▶ [Activity] Start at the line with "iPhone X Holster" in the records below, stop at the line with "Perfect for afternoon", and return every line in that span exactly, the two end lines included.

▶ [Dataset content]
Start of Block
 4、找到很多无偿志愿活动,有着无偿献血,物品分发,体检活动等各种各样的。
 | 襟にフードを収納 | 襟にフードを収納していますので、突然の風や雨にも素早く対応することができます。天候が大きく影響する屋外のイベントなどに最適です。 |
End of Block
Start of Block
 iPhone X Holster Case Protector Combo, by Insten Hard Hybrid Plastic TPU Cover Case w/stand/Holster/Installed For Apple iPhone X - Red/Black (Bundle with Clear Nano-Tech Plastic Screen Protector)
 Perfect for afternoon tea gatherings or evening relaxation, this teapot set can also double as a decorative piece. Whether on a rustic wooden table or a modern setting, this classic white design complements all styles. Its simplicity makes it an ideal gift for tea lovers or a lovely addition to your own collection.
End of Block
▶ [Problem solution]
 iPhone X Holster Case Protector Combo, by Insten Hard Hybrid Plastic TPU Cover Case w/stand/Holster/Installed For Apple iPhone X - Red/Black (Bundle with Clear Nano-Tech Plastic Screen Protector)
 Perfect for afternoon tea gatherings or evening relaxation, this teapot set can also double as a decorative piece. Whether on a rustic wooden table or a modern setting, this classic white design complements all styles. Its simplicity makes it an ideal gift for tea lovers or a lovely addition to your own collection.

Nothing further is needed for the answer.